### REQUIRED ACTION
Among the entries below, one line contains "Title: Women High-Waist" and another contains "Регуляторні акти Фонтанської". Transcribe those two lines and every line between them, exactly.
++++ SOURCE MATERIAL ++++
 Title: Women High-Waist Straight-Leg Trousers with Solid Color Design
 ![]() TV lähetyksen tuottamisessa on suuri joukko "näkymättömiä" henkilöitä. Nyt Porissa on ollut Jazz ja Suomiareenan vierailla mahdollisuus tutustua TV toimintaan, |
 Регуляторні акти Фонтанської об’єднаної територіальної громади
++++
++++ SOURCE MATERIAL ++++
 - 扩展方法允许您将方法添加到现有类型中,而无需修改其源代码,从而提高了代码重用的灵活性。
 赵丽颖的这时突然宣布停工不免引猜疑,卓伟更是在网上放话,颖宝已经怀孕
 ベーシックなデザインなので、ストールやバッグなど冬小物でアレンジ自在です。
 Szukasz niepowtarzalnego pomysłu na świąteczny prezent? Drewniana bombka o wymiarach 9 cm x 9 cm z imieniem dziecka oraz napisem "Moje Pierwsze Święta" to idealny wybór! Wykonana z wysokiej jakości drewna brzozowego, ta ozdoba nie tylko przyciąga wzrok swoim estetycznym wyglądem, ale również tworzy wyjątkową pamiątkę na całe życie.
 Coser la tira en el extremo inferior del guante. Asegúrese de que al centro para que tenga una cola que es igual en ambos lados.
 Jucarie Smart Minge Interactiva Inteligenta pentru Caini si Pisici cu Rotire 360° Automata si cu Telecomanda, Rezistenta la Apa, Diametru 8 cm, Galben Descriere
++++
### WRITTEN SOLUTION
 Title: Women High-Waist Straight-Leg Trousers with Solid Color Design
 ![]() TV lähetyksen tuottamisessa on suuri joukko "näkymättömiä" henkilöitä. Nyt Porissa on ollut Jazz ja Suomiareenan vierailla mahdollisuus tutustua TV toimintaan, |
 Регуляторні акти Фонтанської об’єднаної територіальної громади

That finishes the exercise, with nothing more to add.